On any level, Vilsack was a plausible candidate for president. He was a governor, and governors have won major-party presidential nominations in each of the last seven elections. His departure leaves the Democratic field with a bunch of senators, notoriously poor performers as presidential candidates, and only one governor (Bill Richardson of New Mexico), and he’s running as a foreign-policy magus. Go figure.

But there is more. Vilsack is from Iowa, site of the first presidential caucuses; five times since 1960 a politician from a bordering state (four from Massachusetts, one from Maine) won the New Hampshire primary, and the 2008 candidacy of former Gov.

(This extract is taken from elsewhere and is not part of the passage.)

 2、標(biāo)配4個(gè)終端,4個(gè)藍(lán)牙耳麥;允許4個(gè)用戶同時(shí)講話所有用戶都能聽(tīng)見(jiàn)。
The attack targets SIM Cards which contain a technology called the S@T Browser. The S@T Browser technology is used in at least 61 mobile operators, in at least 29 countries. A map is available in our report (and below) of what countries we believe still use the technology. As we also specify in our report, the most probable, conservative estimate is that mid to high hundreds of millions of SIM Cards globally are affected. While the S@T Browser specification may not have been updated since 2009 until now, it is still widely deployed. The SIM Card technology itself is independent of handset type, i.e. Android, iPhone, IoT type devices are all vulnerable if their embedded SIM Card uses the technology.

Mitt Romney of Massachusetts is predicated in part on the neighbor factor, proof that familiarity can sometimes breed popularity.

And yet Vilsack is finished as a presidential candidate, even though, as he put it the day he left the race, “I have the boldest plan to get us out of Iraq and a long-term policy for energy security to keep us out of future oil wars,” and despite having maybe the strongest caucus organization in Iowa, with 3,000 supporters already signed up.

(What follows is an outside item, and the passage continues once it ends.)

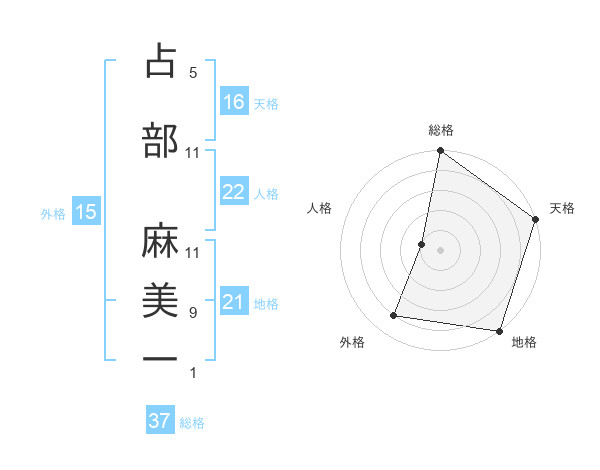 占部 麻美一さんを姓名の画数から五運を鑑定
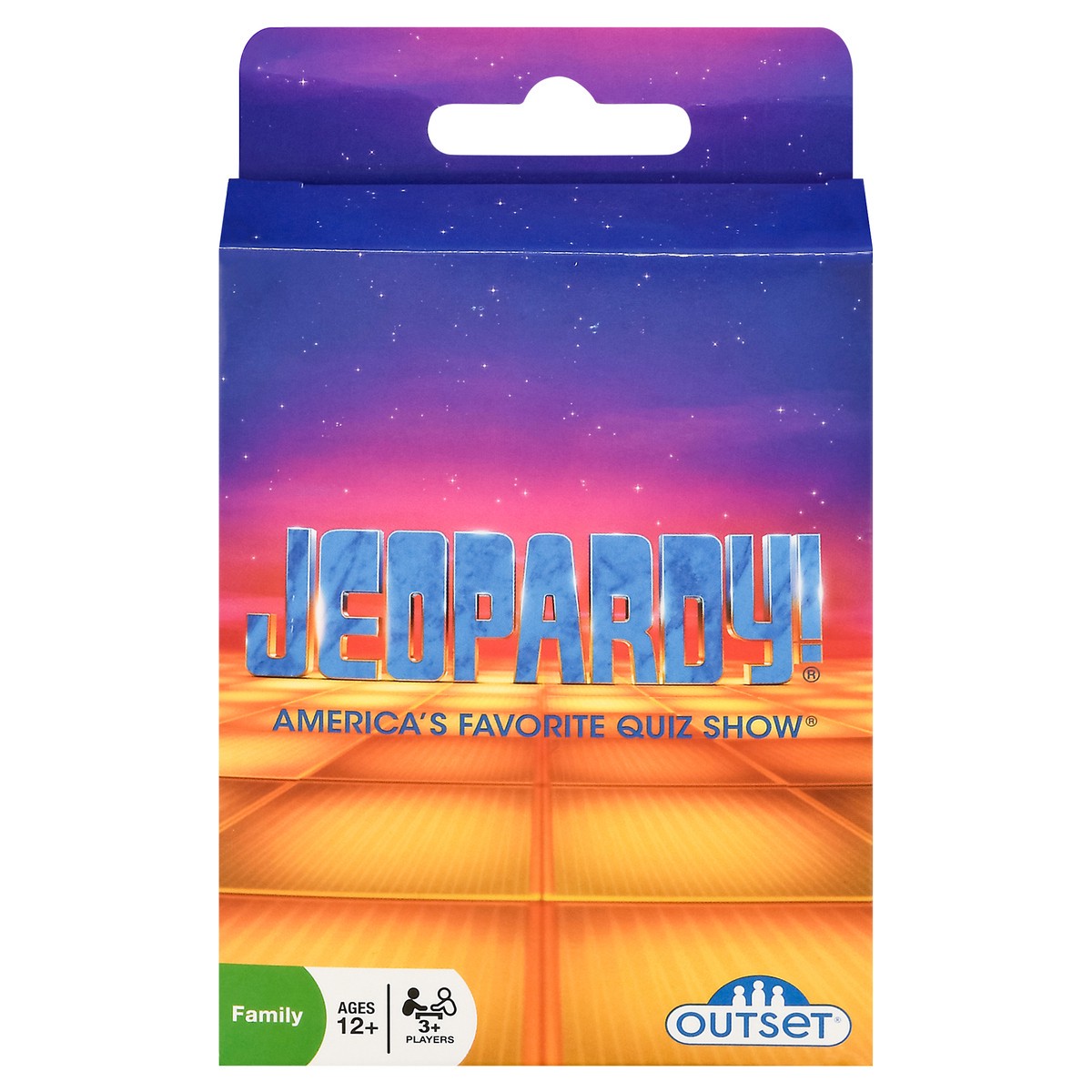 3+ Players. America's favorite quiz show. Knowledge of English required. The Jeopardy! Card game allows you to play the classic TV show anywhere you go! Just like the show, the card game features Jeop…

None of that matters. He doesn’t have the money to compete in the presidential race in a year when the field includes such big-buck candidates as Sen. Hillary Rodham Clinton of New York and Sen. Barack Obama of Illinois, who both have star power plus drawing power among Hollywood stars, and former Sen. John Edwards of North Carolina, who has labor support, which is always important in Iowa and in the industrial states of the East and Midwest.

Now don’t confuse this morning’s homily with the moaning of goo-goo reformers who decry the presence of money in politics. In truth, there isn’t all that much money in politics, not when you compare the amount that a modern presidential campaign spends to unveil its candidate with the amount that a Fortune 500 company spends to unveil a new product. This is simply a statement that our politics has changed, and changed utterly.

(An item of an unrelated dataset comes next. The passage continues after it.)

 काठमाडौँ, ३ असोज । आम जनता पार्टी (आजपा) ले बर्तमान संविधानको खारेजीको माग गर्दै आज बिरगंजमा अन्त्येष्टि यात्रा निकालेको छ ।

But think this through: Vilsack is not saying he cannot compete in the far-flung locales of presidential politics, in some half-forgotten town in Nevada or some frigid outpost in New Hampshire hard by the Canadian border. No, he’s saying he can’t even compete in his own state, where he can sleep in his own bed, travel in his own car, even take along a brown-bag lunch with a tuna sandwich, a juice box, a clementine and a cookie.

The whole Vilsack campaign was based on making an impact in Iowa, and then sitting back and watching the money flow into his Web site as he rented a campaign plane to fly his entourage, including fawning reporters, to New Hampshire, which is so small that there is barely anywhere you can’t reach by cheap rental car. The cost of that rental car, by the way: $28.25 a day next January, including taxes and fees. I checked.

But this field is so dominated by money that Vilsack can’t drive to the town of Nevada, Iowa (pronounced differently from the state of Nevada, and – trust me – a whole lot different, especially in winter), and he can’t drive from Nashua to Manchester to Concord and then maybe over to Keene in New Hampshire, handing out brochures and talking about issues and fibbing about how he has always wanted to see the Granite State in all its frosty winter glory.

This changes our politics considerably. Jimmy Carter carried his own bag and slept on couches in Iowa in 1975, won the caucuses in 1976, and was inaugurated president in 1977. You might argue that he wasn’t the greatest president ever (his greatest glory was after he left the White House), but he sure learned a lot about the country even as the country was learning a lot about him. George H.W. Bush was not an adept campaigner in Iowa (which he lost in 1988) and New Hampshire (which he barely won in 1988 and then again in 1992), but he learned a lot about campaigning, and a lot about himself, in the exercise.

All this is gone, and has been for some time. Much of New Hampshire is a suburb of Boston, and no better for it, and now a former two-term governor of Iowa has added his testimony that the Hawkeye State is going to let television and money, not steak fries and conversations over fried pork tenderloin sandwiches, determine who wins the caucuses. That’s a big difference, and as a result we’re a different country. Tom Vilsack witnessed that change and was a victim of it.

You should not doubt that those cornpone scenes in Iowa and New Hampshire were always a bit staged, with bales of hay brought in for the press to use as risers. But the people who attended those scenes were authentic even if the candidates were complete phonies.

I remember trampling through farm mud on a particularly cold day in Iowa more than two decades ago for a bone-chilling barnyard session on rural issues. The people in the audience were angry, white-hot angry, and the candidates on the stage, thinking that farm supports were the planks of wood that kept the barn from falling in, were clueless, completely so. But amid my shivers I vividly remember thinking how much better the world would have been had Yuri Andropov, the general secretary of the Communist Party of the Soviet Union, been required to stammer through an answer to these farmers before he got the top job. Our country, too.